Una tiene la sensación que todos los años las noticias sobre el tiempo estival las hacen con un copipega de las del verano anterior: en el Valle del Guadalquivir hace más de cuarenta grados, la gota fría en el Levante y en Galicia duermen fresquitos por los siglos de los siglos, amén.
Ese viento de poniente que se mete en la playa y nos manda a todos para casa.
Hay una conversación de ascensor que en verano gana por goleada a la del tiempo: el crecimiento de la prole de tus vecinos de un año para otro.
A mí también me maravillaban aquellos mapas llenos de isóbaras, esa imagen que parecía mucho más sucia y trabajada que la foto aséptica que en la actualidad nos envía el satélite.
Nada más bonito que observar cómo cada día el sol va escondiéndose un poquito más allá y saber que el año que viene volveremos a verlo en ese mismo lugar.
Las tardes de agosto, ni por leña al monte ni por agua al pozo, decía mi abuela en cuanto nos veía pasar la hoja de julio en el almanaque.

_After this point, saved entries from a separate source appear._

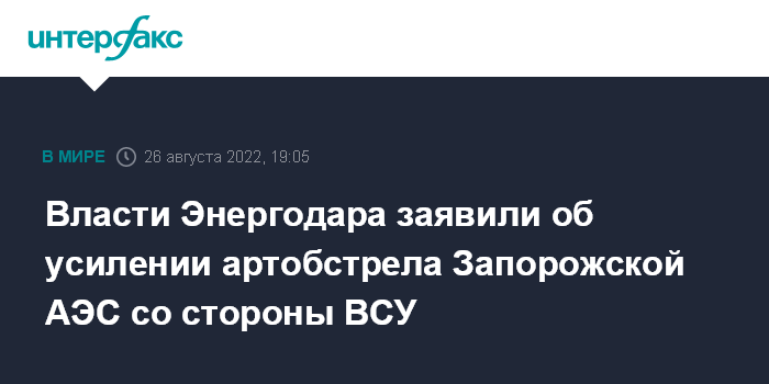 Москва. 26 августа. INTERFAX.RU - Вооруженные силы Украины усиливают артиллерийские обстрелы Запорожской АЭС в Энергодаре на подконтрольной РФ части Запорожской области, сообщили в городской администрации.
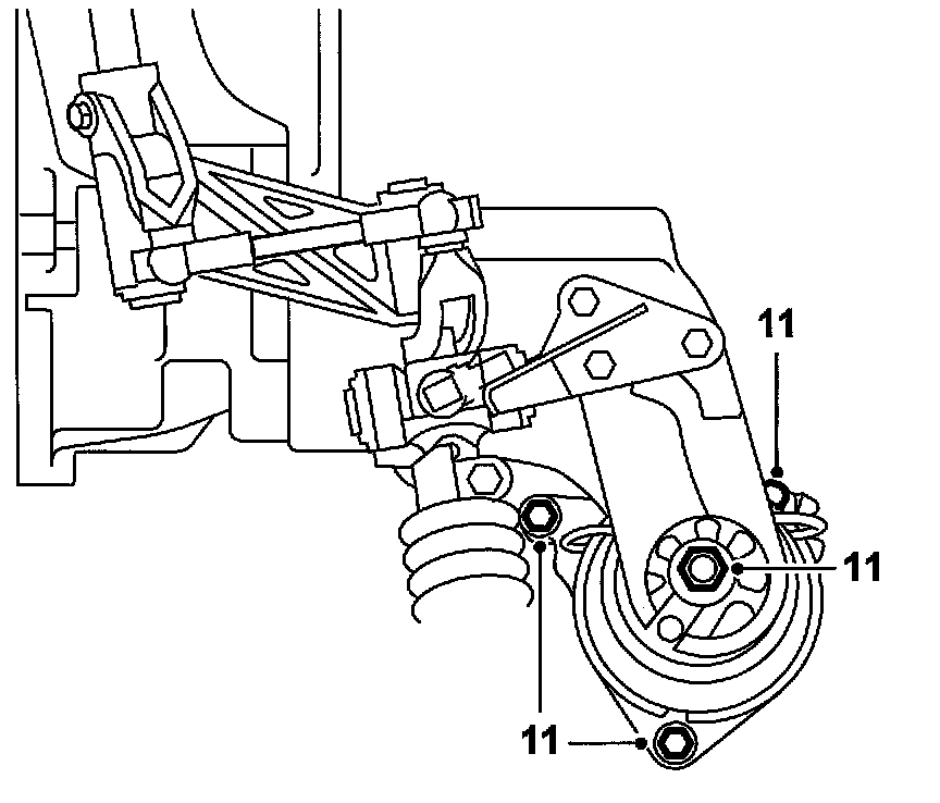 11. Undo the bolts securing the rear engine cushion to the subframe and the nut securing the engine cushion to the engine mounting.
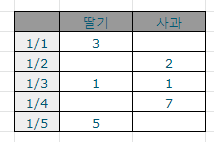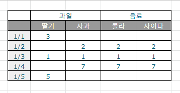 그렇기 때문에 상단 가로 목록으로 식재료를 입력하고, 세로로 날짜를 추가해 나갑니다.
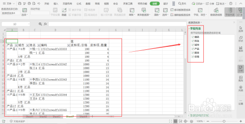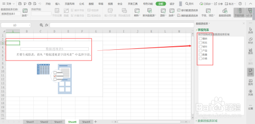 确定后,新建的数据透视表页面如下;
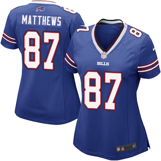 Home>NFL>Buffalo Bills>Jordan Matthews>Women's Nike Buffalo Bills #87 Jordan Matthews Game Royal Blue Team Color NFL Jersey
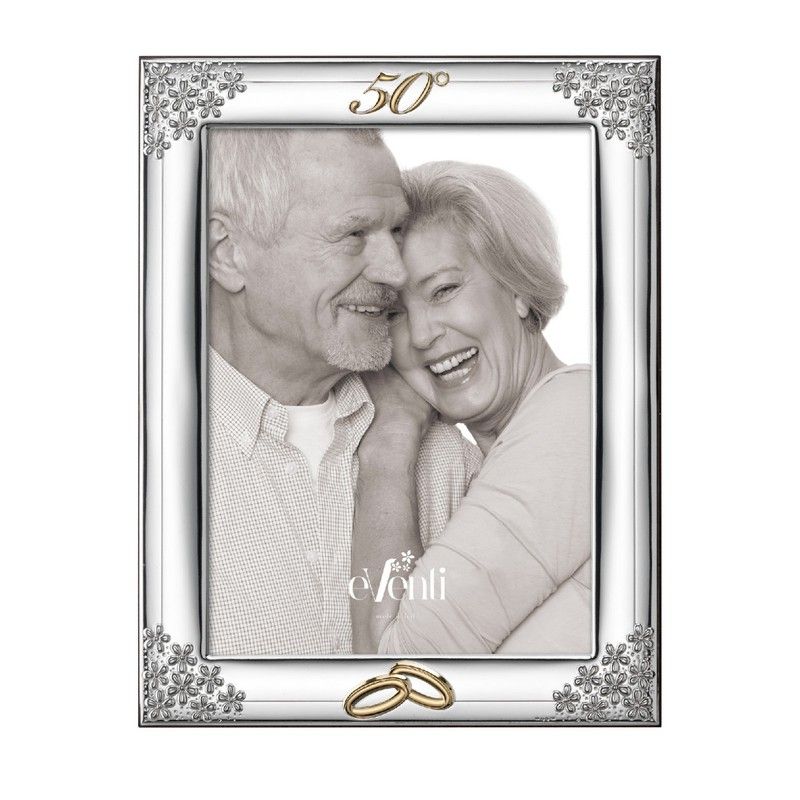 Jubilæumsfotoramme 9x13cm EV9250/9C Blomsteralliancer 50 år. Erindringsfotoramme med hjørner med blomster til 50 års bryllup. Erindringer om bryllupsdag. Mål 9x13 cm. Ref. EV9250/9C

En Viena llueve una media de 160 días al año. Es la octava capital más lluviosa de Europa, por detrás de Copenhague, Oslo, Londres, Bruselas, Ámsterdam, Helsinki y Estocolmo. El mes más lluvioso suele ser junio. ¡Qué suerte tuvieron Jesse y Céline! ¡No cae ni una gota en toda la película!
Alguien me habla de las lazy holidays, las vacaciones para no hacer nada. En mi cabeza aparecen las cuatro muchachas de aquella foto que Nina Leen tomó en una playa de Florida en 1950.
¿Mi aspiración en la vida? Ser como ese segundo en el amanecer en que toda la belleza se concentra en la luz. Ya lo decía Juan Ramón Jiménez: las ideas también tienen sus paisajes.